_What to work on_
Using the entries below, copy exactly each line from the line with "Bold tiger design" up to and including the line with "Minutos más tarde, al", with every picture left out.

== Records for this exercise ==

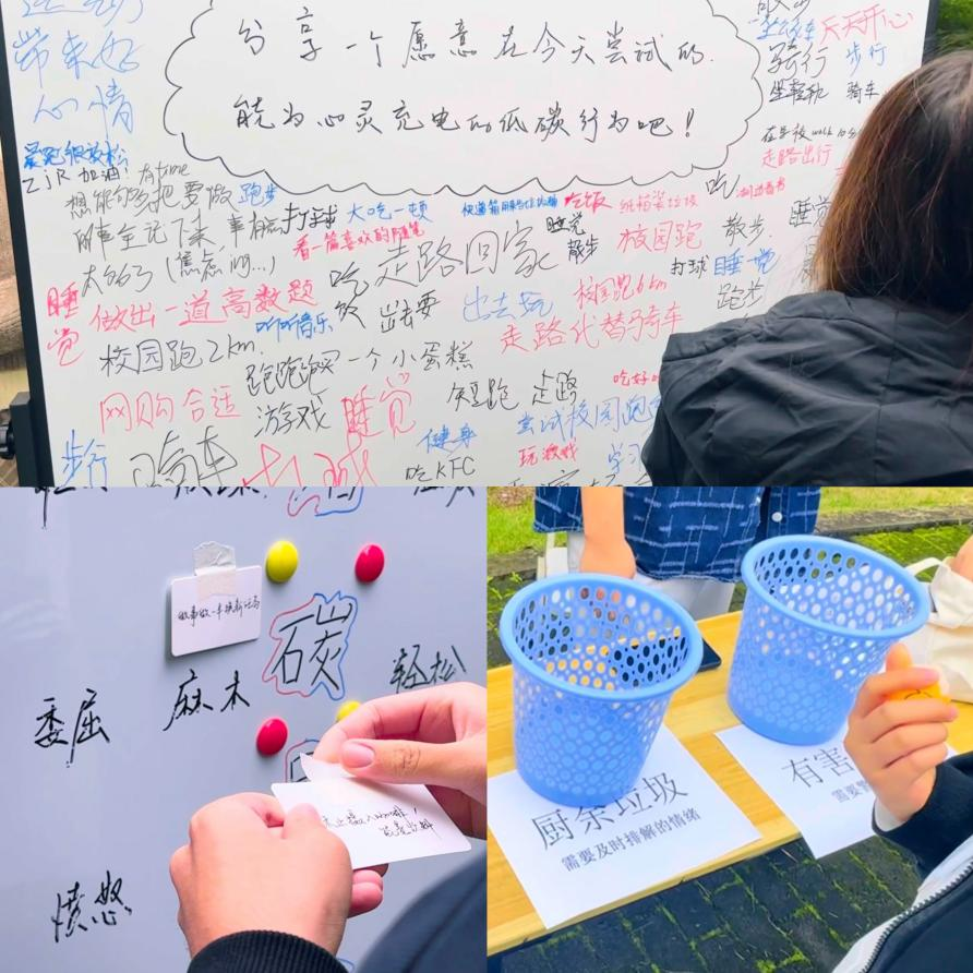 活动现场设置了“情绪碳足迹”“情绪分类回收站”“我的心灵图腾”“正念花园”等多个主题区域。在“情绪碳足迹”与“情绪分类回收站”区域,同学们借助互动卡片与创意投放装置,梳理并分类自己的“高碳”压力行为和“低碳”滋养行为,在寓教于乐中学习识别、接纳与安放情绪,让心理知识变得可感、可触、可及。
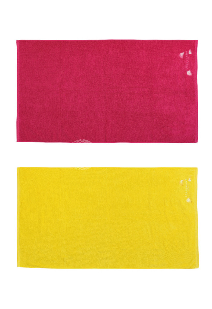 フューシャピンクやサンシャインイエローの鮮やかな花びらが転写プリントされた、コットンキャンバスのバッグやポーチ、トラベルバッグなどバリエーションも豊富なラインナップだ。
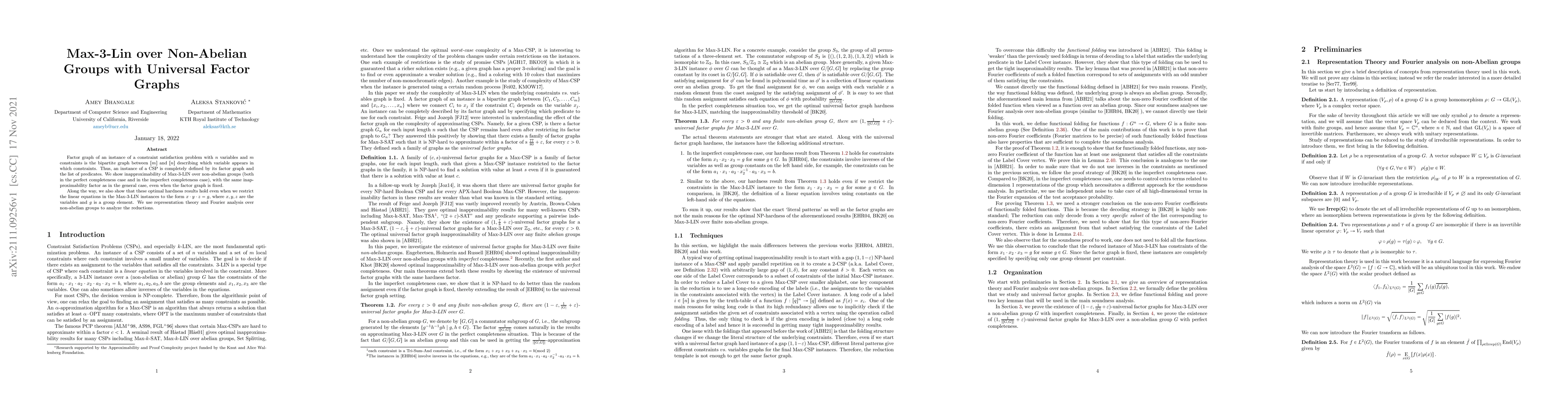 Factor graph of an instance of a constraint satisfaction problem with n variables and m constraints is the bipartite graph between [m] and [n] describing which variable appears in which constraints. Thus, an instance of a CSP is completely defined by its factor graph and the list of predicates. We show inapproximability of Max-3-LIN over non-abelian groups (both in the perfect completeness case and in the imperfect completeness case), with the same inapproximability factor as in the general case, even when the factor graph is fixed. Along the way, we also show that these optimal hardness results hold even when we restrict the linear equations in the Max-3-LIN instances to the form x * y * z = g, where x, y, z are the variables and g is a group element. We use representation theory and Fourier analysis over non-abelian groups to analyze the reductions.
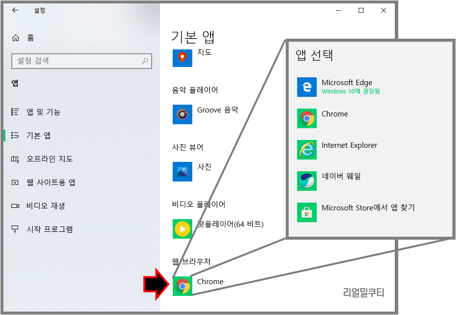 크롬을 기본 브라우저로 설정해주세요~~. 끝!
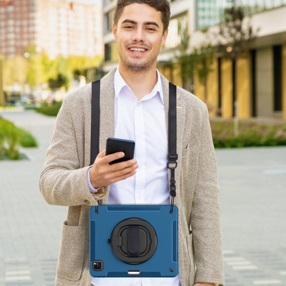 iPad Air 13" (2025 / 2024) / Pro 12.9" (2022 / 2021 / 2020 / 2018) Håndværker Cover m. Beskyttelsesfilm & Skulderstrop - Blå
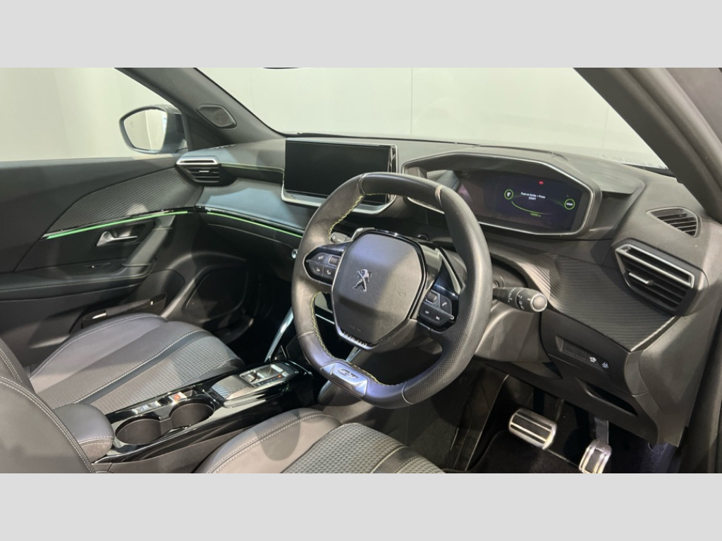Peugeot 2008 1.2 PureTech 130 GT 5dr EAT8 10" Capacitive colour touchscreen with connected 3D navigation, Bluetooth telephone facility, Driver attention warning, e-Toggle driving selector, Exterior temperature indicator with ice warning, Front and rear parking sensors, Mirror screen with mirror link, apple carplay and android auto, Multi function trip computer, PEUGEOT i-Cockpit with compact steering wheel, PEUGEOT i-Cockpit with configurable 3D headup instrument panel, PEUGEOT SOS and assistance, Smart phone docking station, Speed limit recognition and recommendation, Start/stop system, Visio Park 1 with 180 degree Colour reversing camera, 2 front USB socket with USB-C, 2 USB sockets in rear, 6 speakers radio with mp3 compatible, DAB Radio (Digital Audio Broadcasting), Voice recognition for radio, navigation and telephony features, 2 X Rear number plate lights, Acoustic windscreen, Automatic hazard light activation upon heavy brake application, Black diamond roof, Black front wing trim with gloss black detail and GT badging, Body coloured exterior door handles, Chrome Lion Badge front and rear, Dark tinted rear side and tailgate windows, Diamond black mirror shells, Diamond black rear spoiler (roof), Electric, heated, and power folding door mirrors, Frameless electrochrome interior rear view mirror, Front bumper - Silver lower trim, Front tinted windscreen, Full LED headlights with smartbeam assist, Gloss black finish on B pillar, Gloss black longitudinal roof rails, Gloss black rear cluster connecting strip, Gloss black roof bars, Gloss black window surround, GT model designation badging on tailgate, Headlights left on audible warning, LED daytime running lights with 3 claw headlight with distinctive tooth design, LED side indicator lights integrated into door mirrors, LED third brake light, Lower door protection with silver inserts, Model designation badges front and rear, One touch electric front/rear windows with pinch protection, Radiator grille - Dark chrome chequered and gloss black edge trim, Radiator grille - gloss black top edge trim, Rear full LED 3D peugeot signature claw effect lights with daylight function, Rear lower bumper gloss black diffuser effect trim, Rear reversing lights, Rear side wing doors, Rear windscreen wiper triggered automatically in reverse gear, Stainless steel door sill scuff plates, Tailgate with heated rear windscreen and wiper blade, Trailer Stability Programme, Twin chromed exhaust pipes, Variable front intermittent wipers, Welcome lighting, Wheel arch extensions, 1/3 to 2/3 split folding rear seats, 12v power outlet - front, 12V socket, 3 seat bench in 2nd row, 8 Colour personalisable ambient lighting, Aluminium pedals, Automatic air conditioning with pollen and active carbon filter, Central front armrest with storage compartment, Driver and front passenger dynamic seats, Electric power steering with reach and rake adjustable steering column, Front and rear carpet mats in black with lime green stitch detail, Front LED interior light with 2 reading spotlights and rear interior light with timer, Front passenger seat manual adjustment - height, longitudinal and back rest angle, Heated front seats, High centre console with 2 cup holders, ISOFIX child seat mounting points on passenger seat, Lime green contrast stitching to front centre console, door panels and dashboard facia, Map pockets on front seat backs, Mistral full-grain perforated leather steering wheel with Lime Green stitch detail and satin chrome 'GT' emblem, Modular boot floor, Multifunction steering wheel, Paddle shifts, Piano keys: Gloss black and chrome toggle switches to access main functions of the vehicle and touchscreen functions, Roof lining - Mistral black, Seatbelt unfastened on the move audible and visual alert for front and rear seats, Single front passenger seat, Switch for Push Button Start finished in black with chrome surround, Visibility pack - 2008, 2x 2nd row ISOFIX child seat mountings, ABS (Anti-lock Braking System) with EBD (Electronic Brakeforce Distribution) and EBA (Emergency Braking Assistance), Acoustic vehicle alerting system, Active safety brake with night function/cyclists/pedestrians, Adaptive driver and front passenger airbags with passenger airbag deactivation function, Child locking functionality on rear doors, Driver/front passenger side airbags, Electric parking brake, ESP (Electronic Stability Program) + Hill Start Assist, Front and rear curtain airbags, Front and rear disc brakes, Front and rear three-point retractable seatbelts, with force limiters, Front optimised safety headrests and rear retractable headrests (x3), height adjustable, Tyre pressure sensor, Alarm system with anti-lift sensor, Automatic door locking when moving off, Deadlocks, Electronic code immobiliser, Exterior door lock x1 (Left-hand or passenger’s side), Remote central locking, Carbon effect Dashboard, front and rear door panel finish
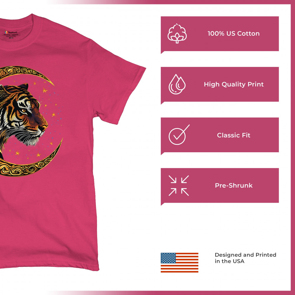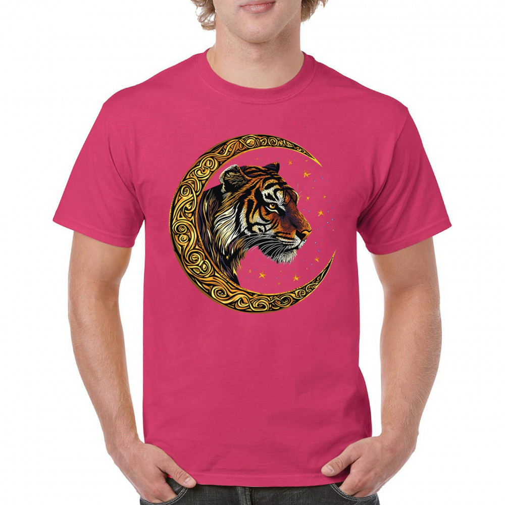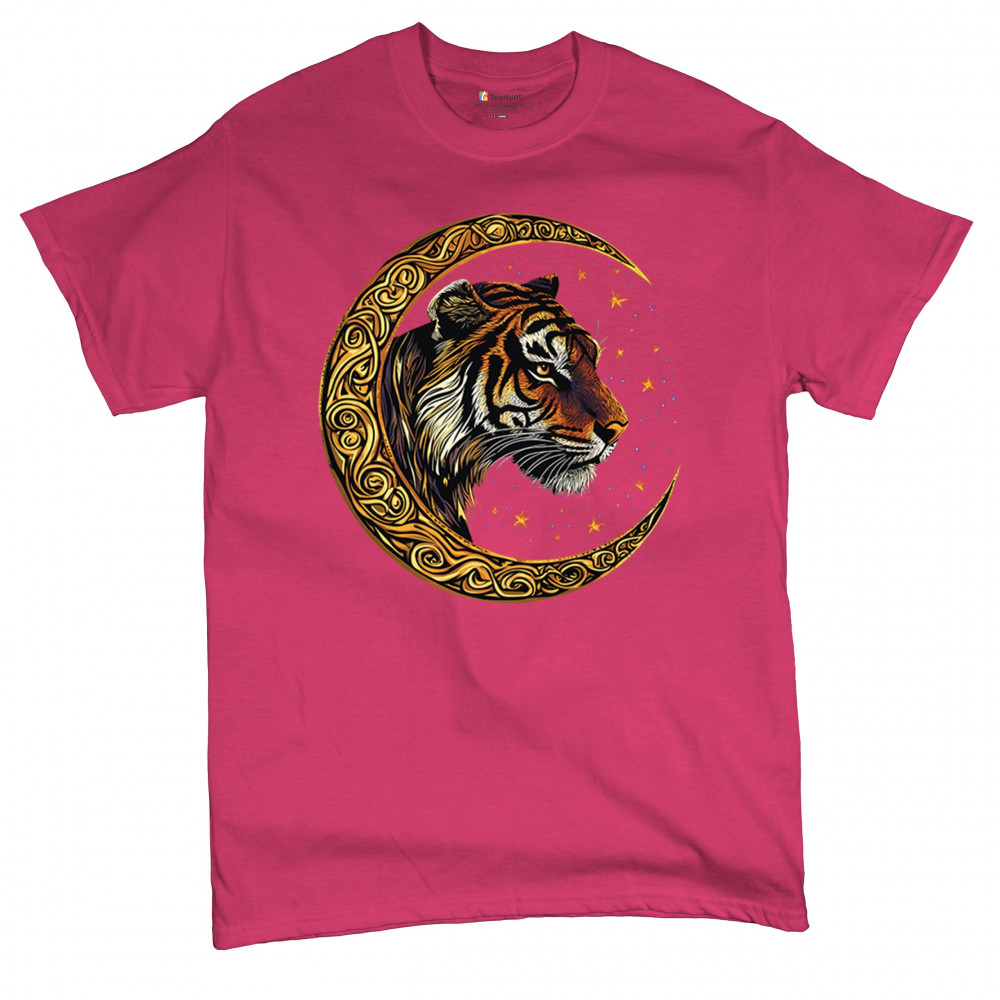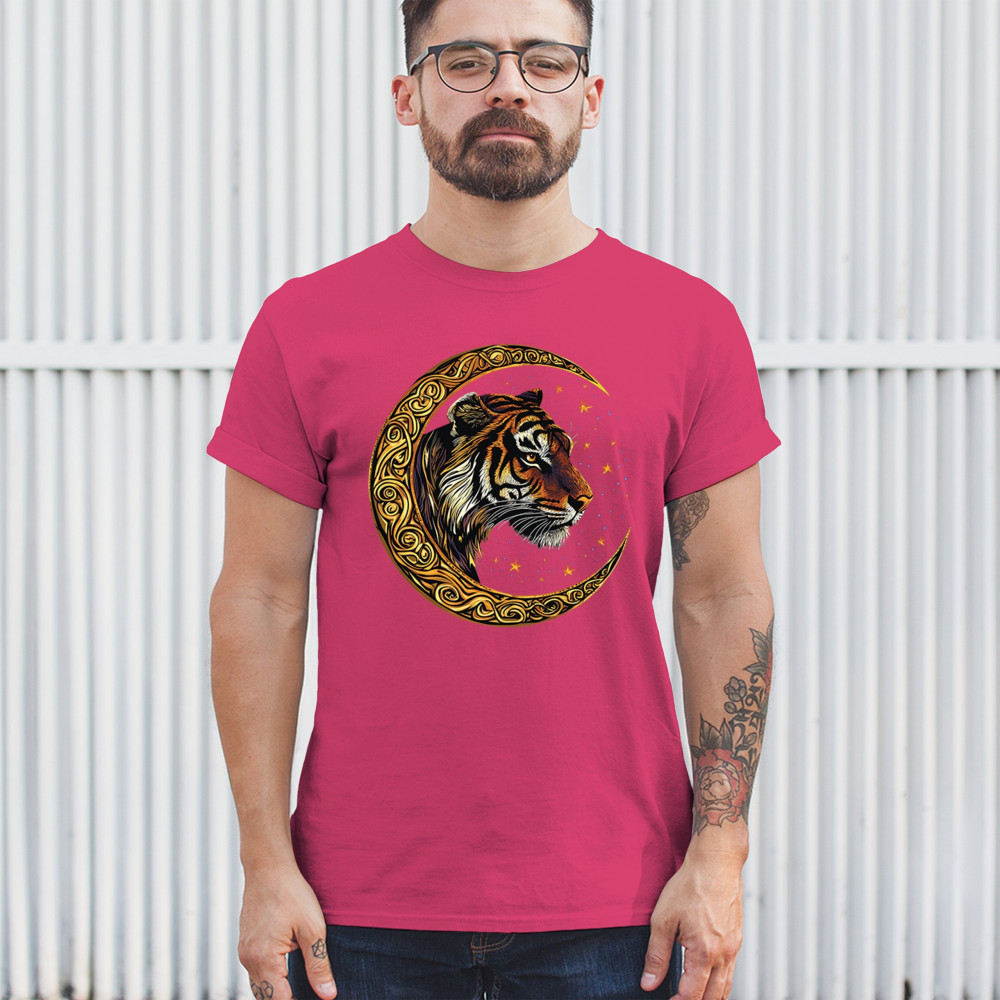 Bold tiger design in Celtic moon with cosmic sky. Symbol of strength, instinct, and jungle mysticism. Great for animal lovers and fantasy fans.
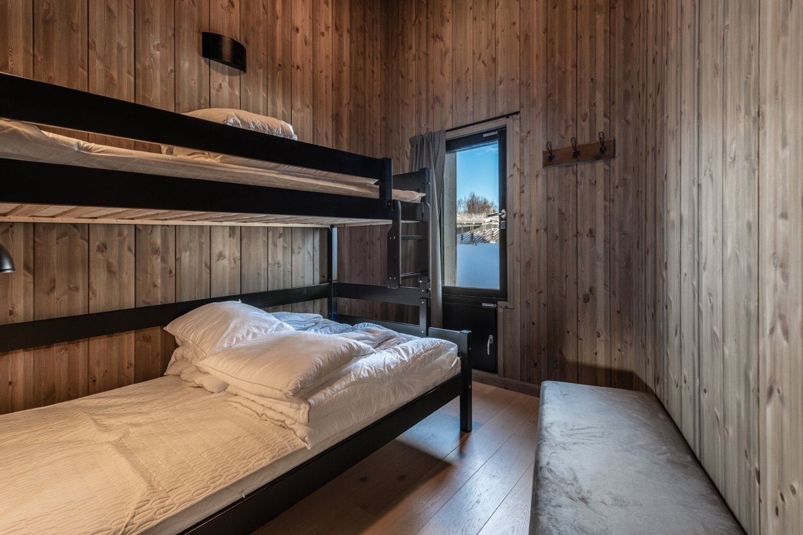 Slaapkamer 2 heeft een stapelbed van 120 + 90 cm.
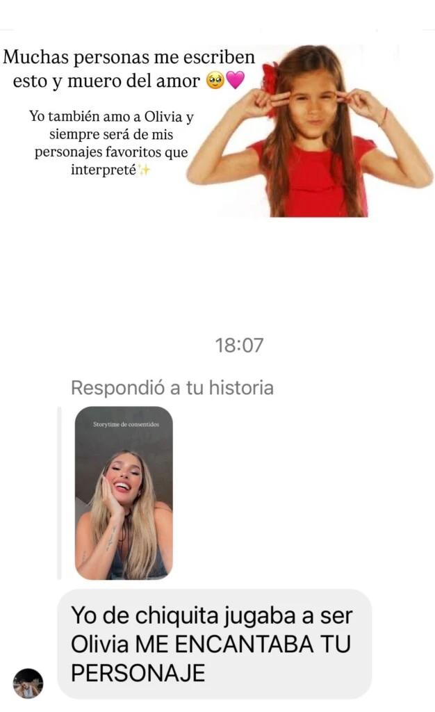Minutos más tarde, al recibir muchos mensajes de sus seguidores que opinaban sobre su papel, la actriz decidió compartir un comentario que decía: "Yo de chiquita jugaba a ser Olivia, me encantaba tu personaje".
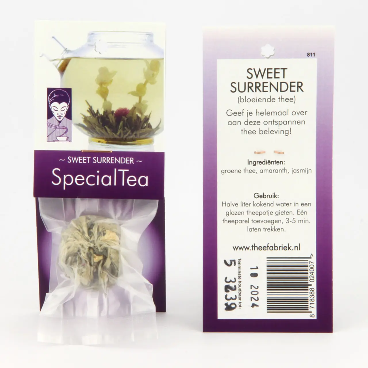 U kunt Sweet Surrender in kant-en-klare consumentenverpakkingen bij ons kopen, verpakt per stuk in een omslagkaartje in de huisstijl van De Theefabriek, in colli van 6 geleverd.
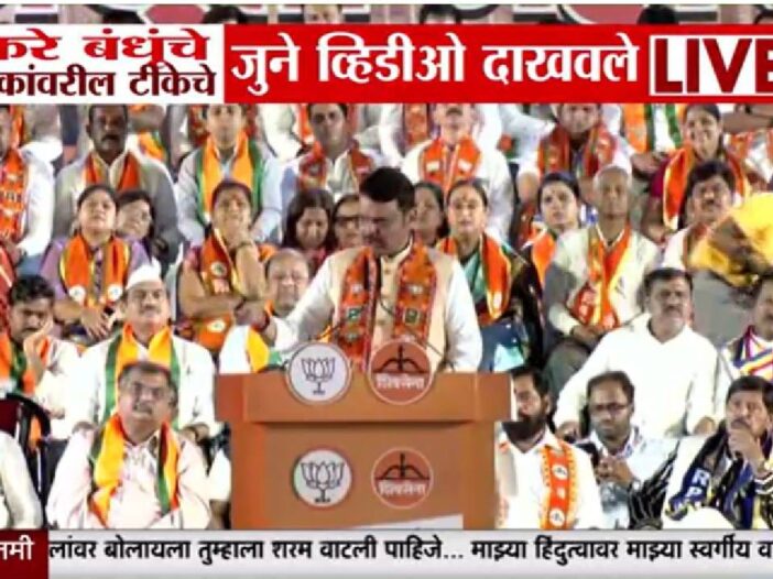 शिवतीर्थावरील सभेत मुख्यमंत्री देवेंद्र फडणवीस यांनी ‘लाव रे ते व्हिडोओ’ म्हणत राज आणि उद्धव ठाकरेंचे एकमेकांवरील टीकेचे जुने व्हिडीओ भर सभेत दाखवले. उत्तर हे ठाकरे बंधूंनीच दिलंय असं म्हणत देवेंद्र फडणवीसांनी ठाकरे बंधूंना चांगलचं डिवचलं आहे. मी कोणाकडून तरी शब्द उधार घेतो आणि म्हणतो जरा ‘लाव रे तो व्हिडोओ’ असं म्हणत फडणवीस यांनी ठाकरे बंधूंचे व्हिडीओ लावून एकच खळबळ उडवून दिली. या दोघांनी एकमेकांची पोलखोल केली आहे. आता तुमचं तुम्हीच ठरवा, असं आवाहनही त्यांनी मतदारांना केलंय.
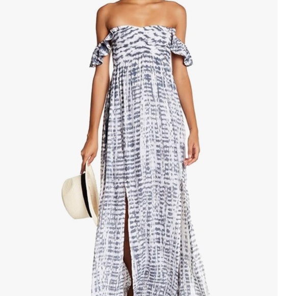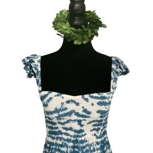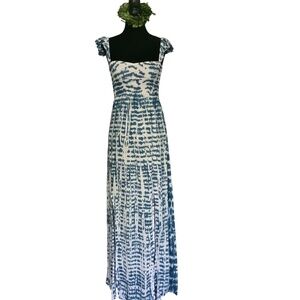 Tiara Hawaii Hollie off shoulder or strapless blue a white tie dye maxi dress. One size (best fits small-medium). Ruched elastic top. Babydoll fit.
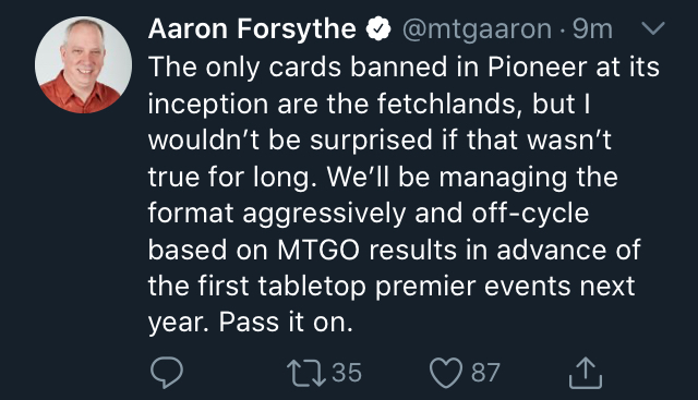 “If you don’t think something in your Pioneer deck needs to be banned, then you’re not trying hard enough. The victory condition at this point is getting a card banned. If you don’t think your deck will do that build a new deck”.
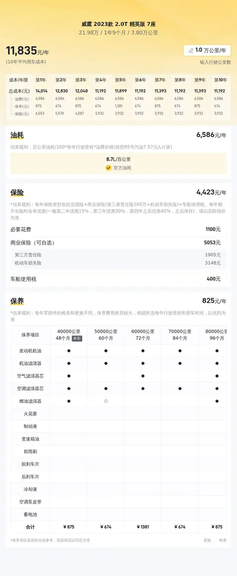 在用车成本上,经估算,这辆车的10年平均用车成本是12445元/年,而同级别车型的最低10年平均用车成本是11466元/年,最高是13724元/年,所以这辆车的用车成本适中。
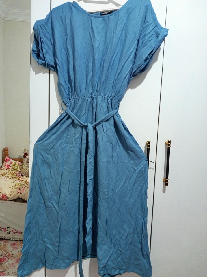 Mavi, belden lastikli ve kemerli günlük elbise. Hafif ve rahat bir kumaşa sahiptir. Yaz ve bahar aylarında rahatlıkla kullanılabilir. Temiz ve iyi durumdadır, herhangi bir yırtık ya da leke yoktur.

===

_Answer space_
 Bold tiger design in Celtic moon with cosmic sky. Symbol of strength, instinct, and jungle mysticism. Great for animal lovers and fantasy fans.
 Slaapkamer 2 heeft een stapelbed van 120 + 90 cm.
Minutos más tarde, al recibir muchos mensajes de sus seguidores que opinaban sobre su papel, la actriz decidió compartir un comentario que decía: "Yo de chiquita jugaba a ser Olivia, me encantaba tu personaje".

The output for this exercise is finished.